*** Opening Information ***
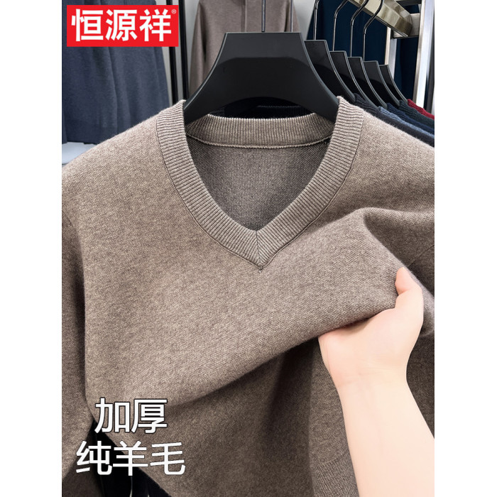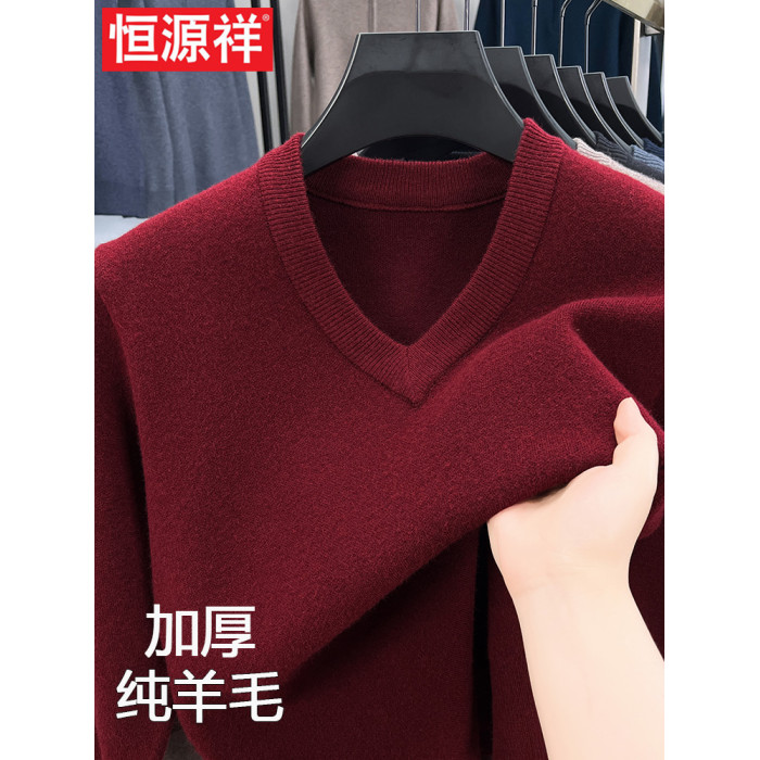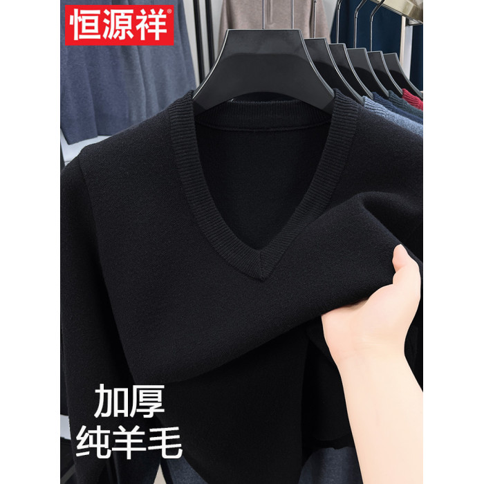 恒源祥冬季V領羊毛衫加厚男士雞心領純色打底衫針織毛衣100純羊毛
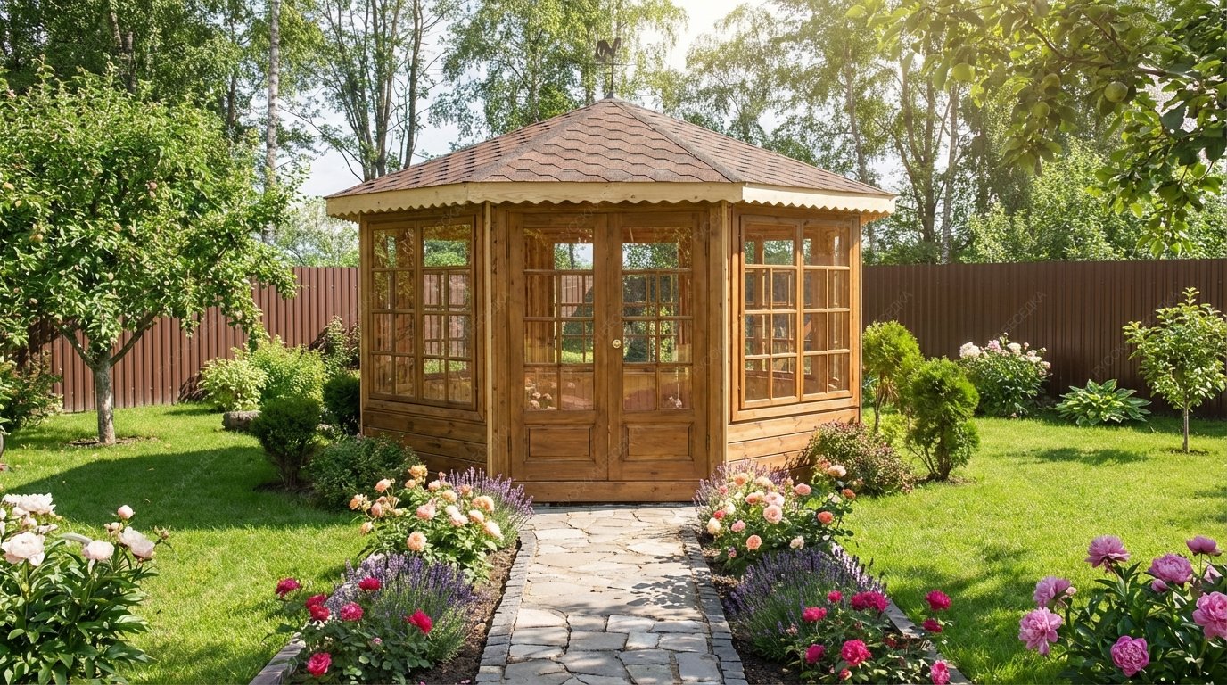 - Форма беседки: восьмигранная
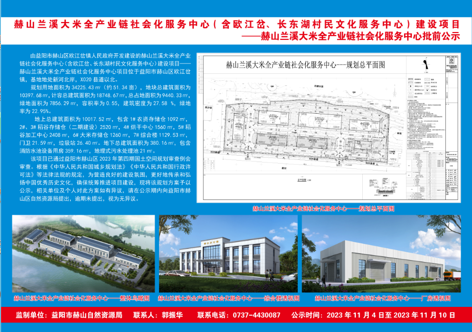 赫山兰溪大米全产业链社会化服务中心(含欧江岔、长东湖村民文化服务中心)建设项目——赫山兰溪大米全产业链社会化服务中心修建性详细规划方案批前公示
*** Closing Information ***
*** Opening Information ***
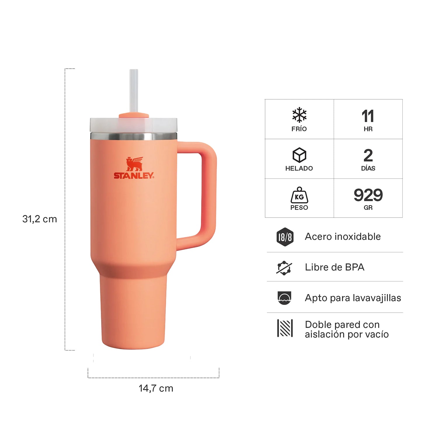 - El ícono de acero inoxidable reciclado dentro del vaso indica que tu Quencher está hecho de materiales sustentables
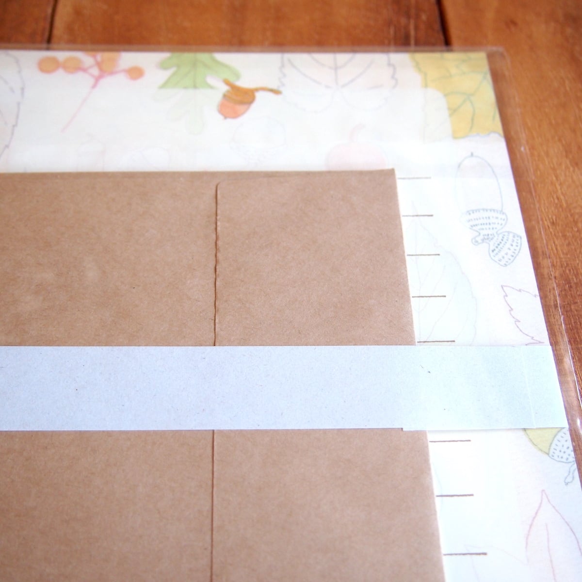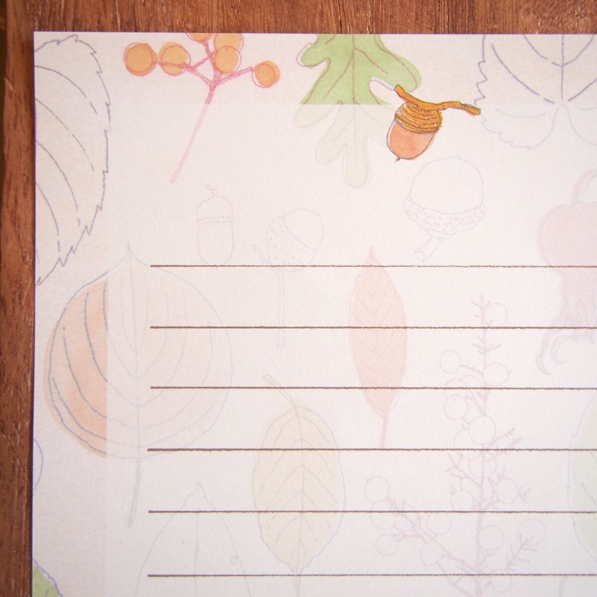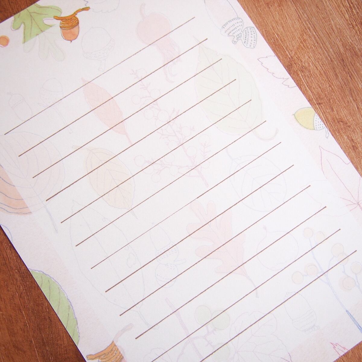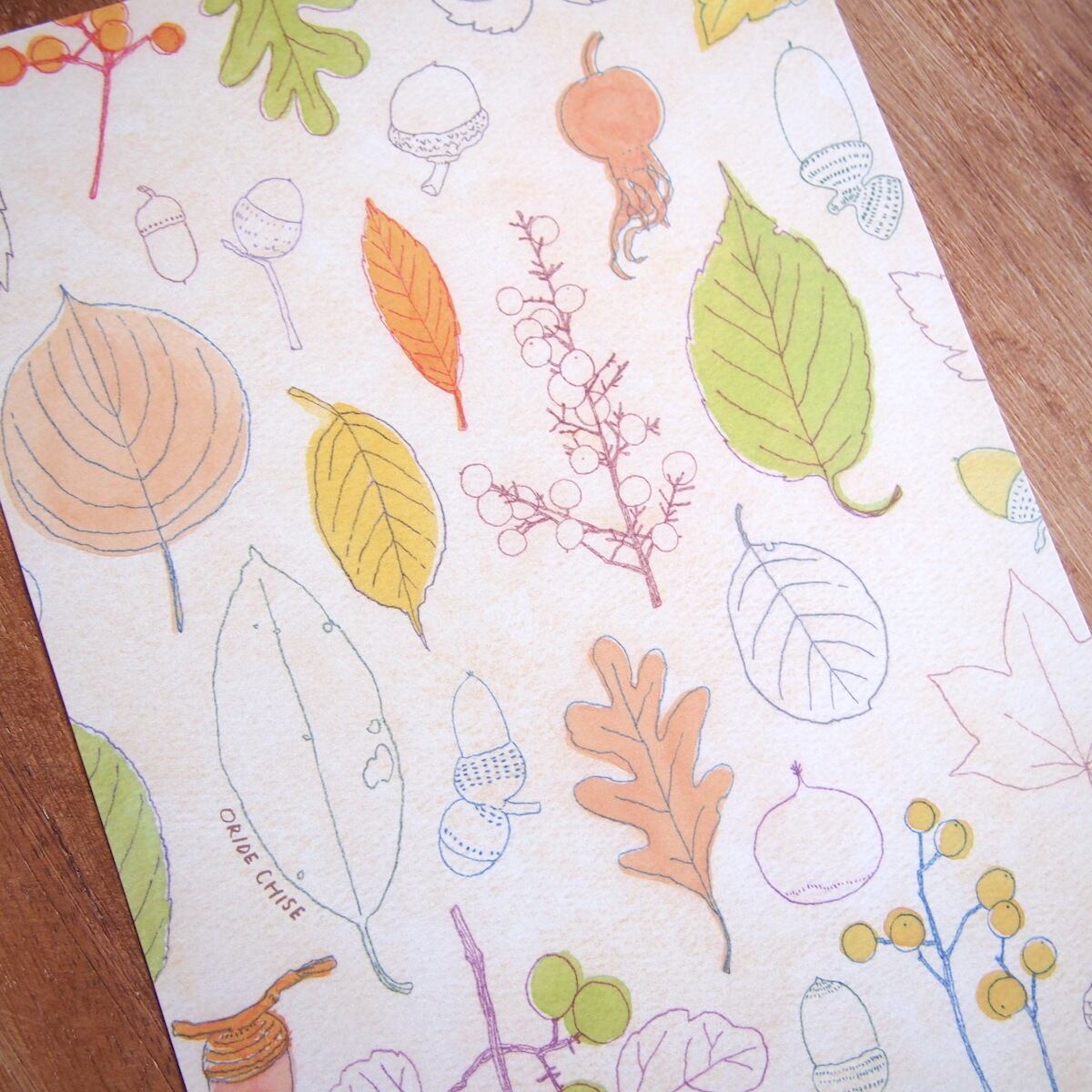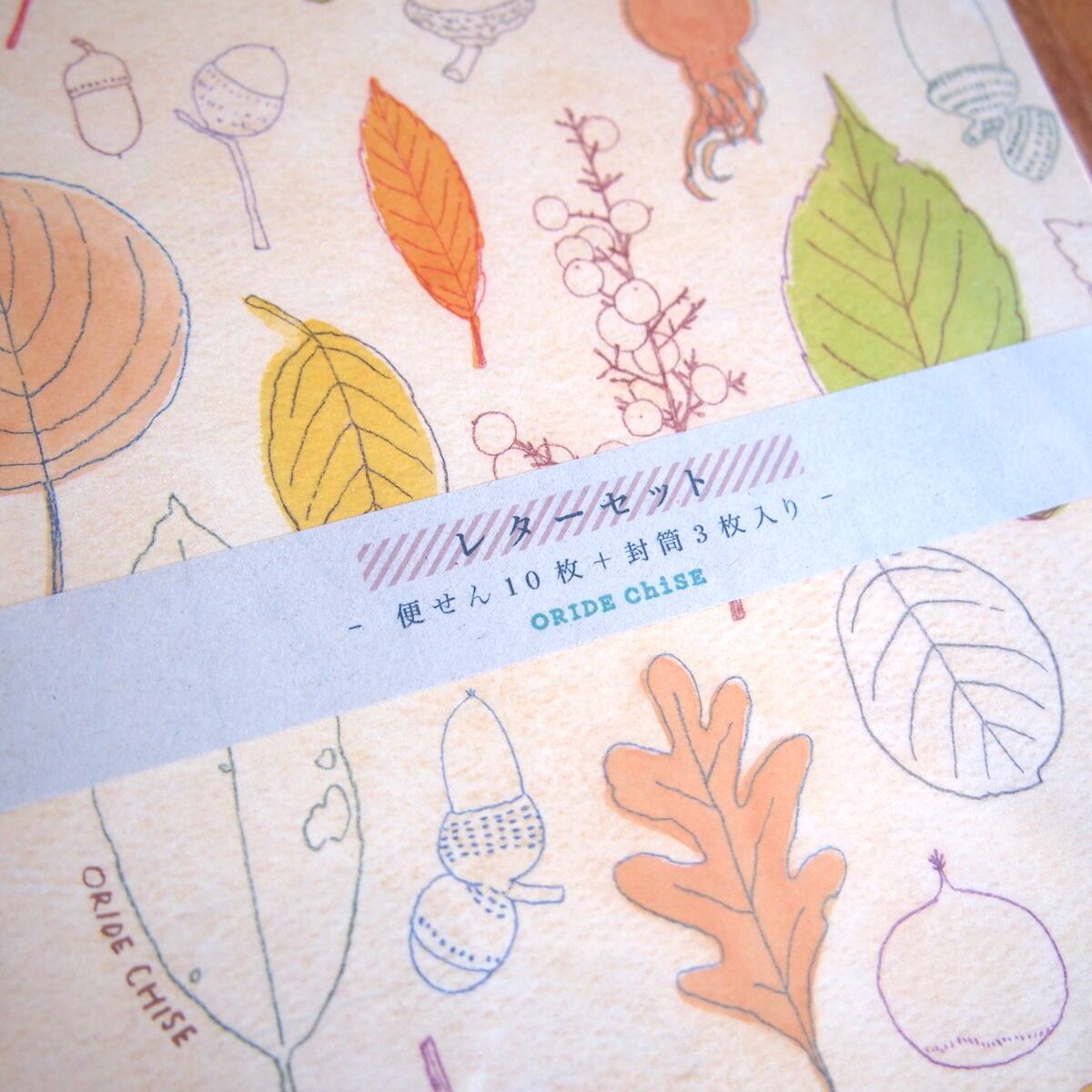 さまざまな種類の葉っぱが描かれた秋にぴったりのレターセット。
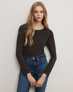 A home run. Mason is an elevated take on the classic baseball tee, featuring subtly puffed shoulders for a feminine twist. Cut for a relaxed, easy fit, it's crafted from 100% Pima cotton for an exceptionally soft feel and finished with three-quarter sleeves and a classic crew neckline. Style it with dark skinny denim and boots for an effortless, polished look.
*** Closing Information ***
§ Exercise
Please repeat, exactly as written, the lines in the records above, starting with the one that has "恒源祥冬季V領羊毛衫加厚男士雞心領純色打底衫針織毛衣100純羊毛" and going on through the one that has "赫山兰溪大米全产业链社会化服务中心(含欧". Pictures are to be left out.

§ Task solution
 恒源祥冬季V領羊毛衫加厚男士雞心領純色打底衫針織毛衣100純羊毛
 - Форма беседки: восьмигранная
 赫山兰溪大米全产业链社会化服务中心(含欧江岔、长东湖村民文化服务中心)建设项目——赫山兰溪大米全产业链社会化服务中心修建性详细规划方案批前公示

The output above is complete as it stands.